His message is urgent and it’s clear that we need to get ready...get ready for the Messiah...the one who brings salvation to the world. 

John tells us how to get ready.  He tells us that we’ve got to repent.  We’ve got to own up to our sins—those things we have done and those things we haven’t done that we should have.

As we repent and ready our hearts andminds and bodies and souls, we receive forgiveness.  We receive the freedom of knowing that we’re in tune with God’s will.  It doesn’t mean the consequences of what we’ve doneare magically erased.  It doesn’t mean that life is perfect and easy. 

It does mean that we clear out the obstacles, we prepare the way so that we can hear and see God’s love in the ourselves...and in each other.  It’s a continual process, this repenting and receiving forgiveness and preparing.  But thanks be to God that God is always there, just waiting to offer more forgiveness.

And let’s be clear about John’s message for us to repent and receive forgiveness.  This is certainly part of the work we’re called to do.  But it’s not this work we do that brings about our salvation. 

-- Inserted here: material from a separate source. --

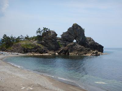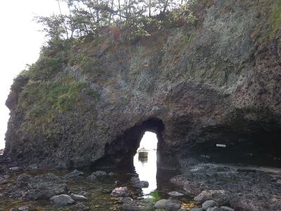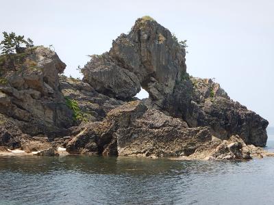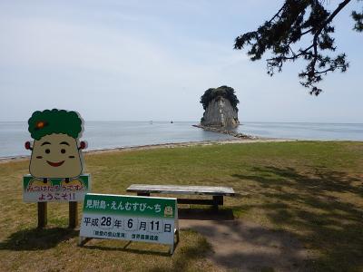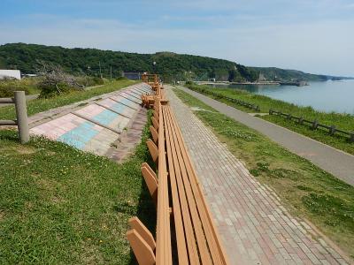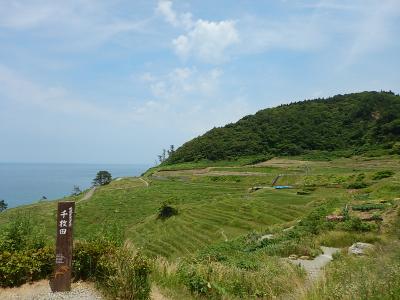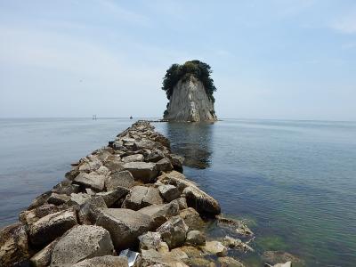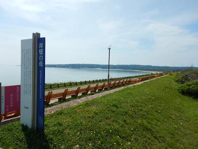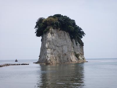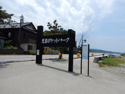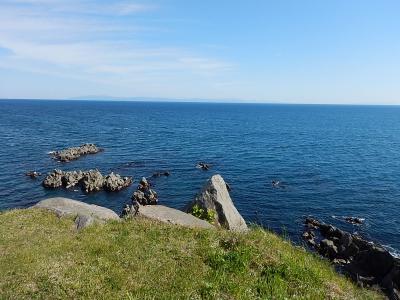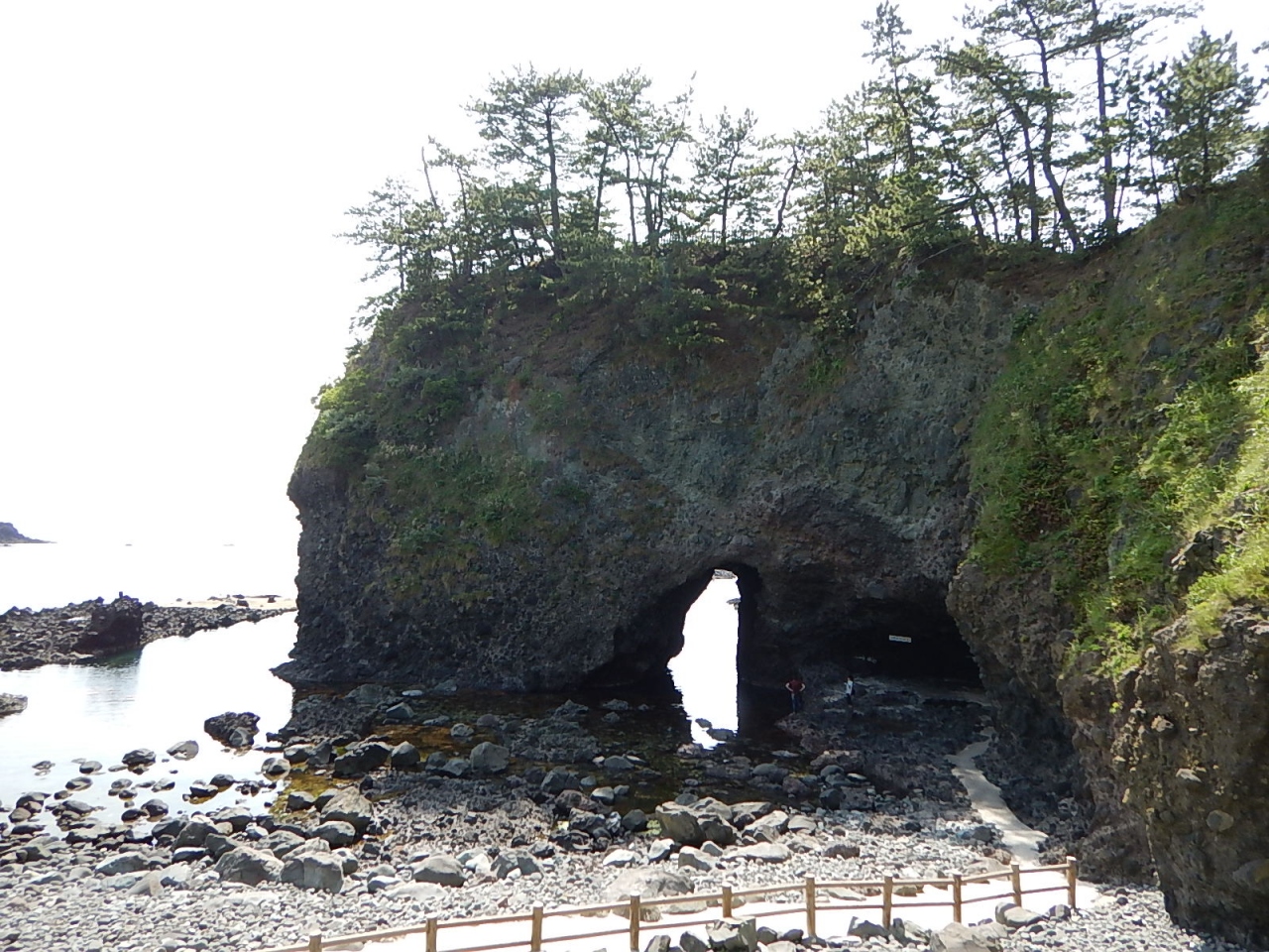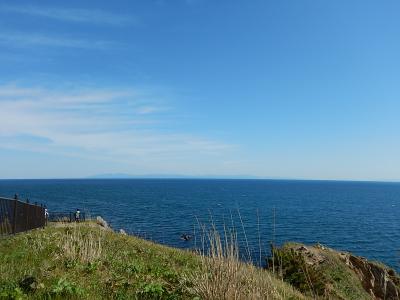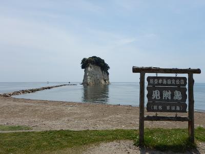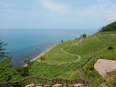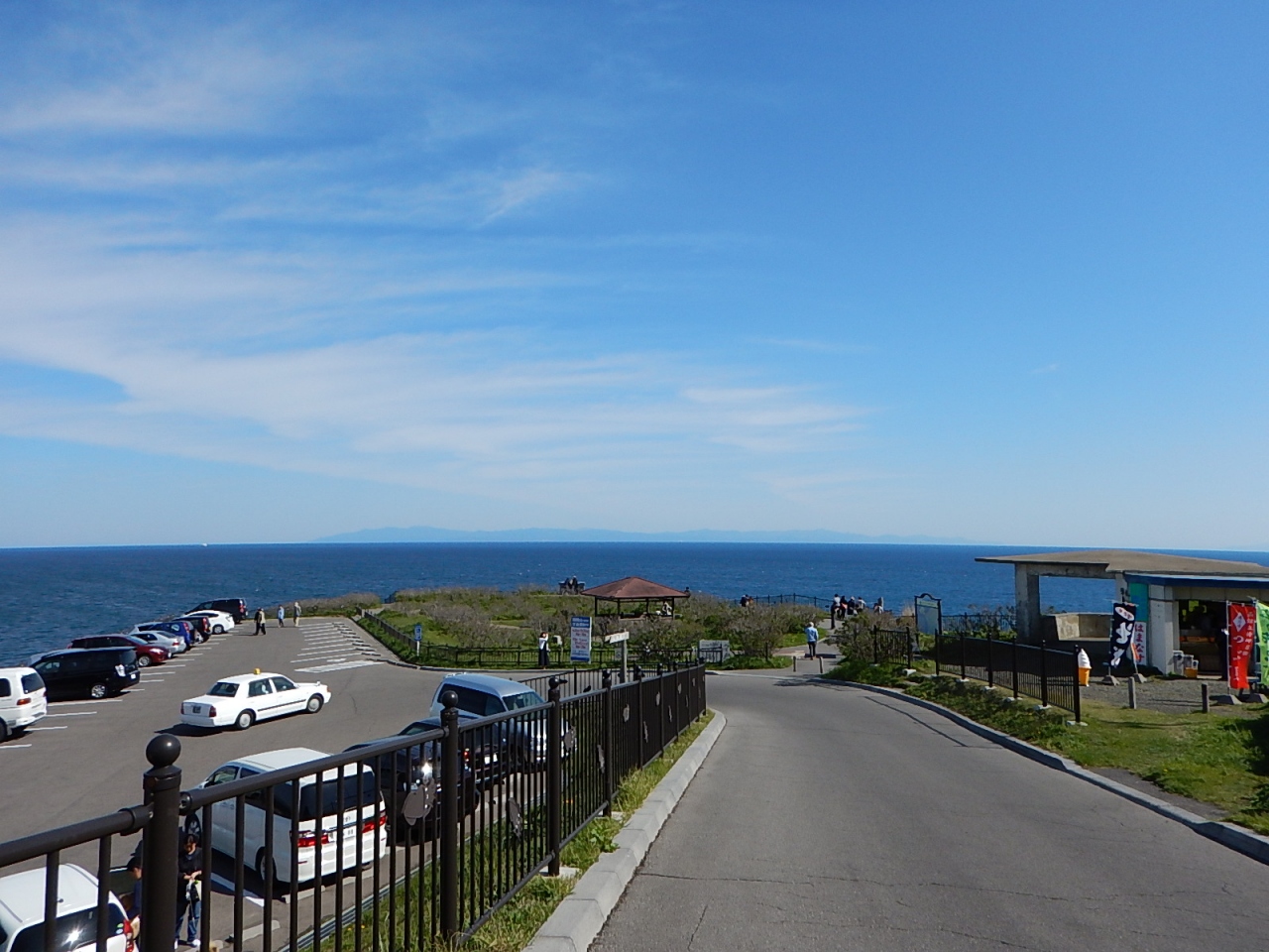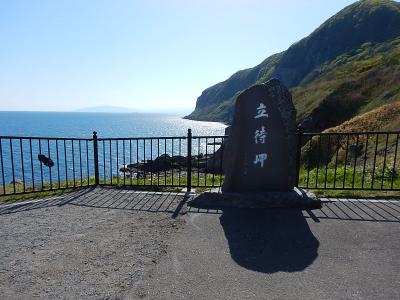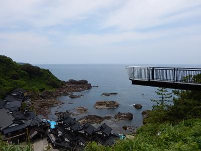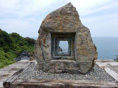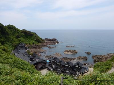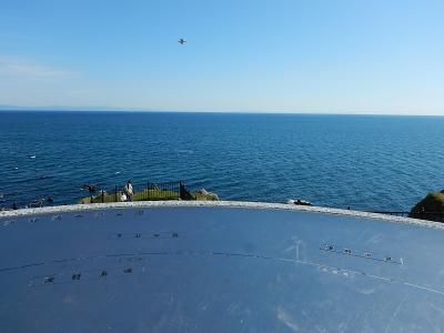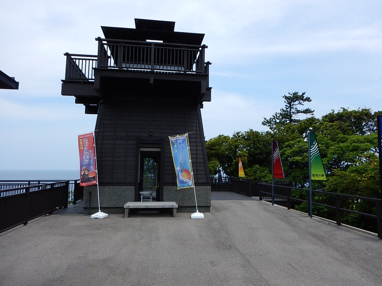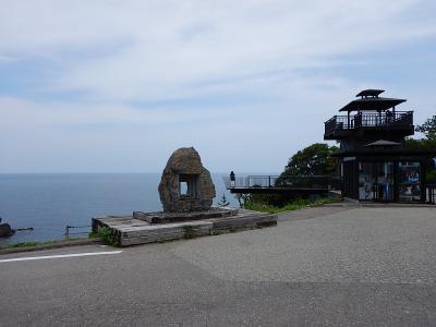 能登半島の突端近く、日本海へと突き出した岬はパワースポットとして有名とのこと。高さ30mの場所にスカイバードと呼ばれる約10mの展望台が伸びていて絶景とスリルを同時に味わえるようである。眼下に見える建物はランプの宿。

We prepare the way.  Yes, we remove the obstacles that keep us from being present in this both its beauty and its brokenness.  When we get rid of the things that hold us back, our vision clears and we know to the very depths of our being that God’s love is all around us.

We all find ourselves in the wilderness from time to time.  It may be when we’re waiting for test results or living in the midst of illness.  It may be when we feel all alone and abandoned.  It may be when we’ve lost ourselves and our way to the demands of the world.  It may be the addiction that has its hold over us and the ones we love. 

And it may be times when we’re starting on a new and exciting adventure in our lives.  The wilderness can take on many forms.

Brene Brown calls the wilderness...”the place of true belonging...the bravest and most sacred place you will ever stand.”[1]

John the Baptist lived in this wilderness.  He recognized the risk.  And he paid attention to the sacred.  His place of belonging within the Kingdom of God was never in doubt.

As my friend talks about her cancer, she recognizes the sacred in the love that is all around her.  She realizes the gift that the present moment is.  Even as she waits again...even as she hopes and prays for more time...even as she screams in anger to God about the unfairness of it all.  God hears her cries in her wilderness. God surrounds her with love that cancer can’t destroy. 

God hears our cries...and walks with us in our own wilderness.  We are never alone and we are never, ever without God’s love.

Our preparation isn’t necessary for God to bring salvation to the world.  God is the one who does the saving.  There’s nothing we can do to save ourselves or anyone else around us.  But our preparation, our repentance, our willingness to love makes it possible for us to see, to know, and to be swept up in God’s work of redemption.  Amen.


[1] Brown, Brene.  2017.  Braving the Wilderness. New York, Random House, p. 36.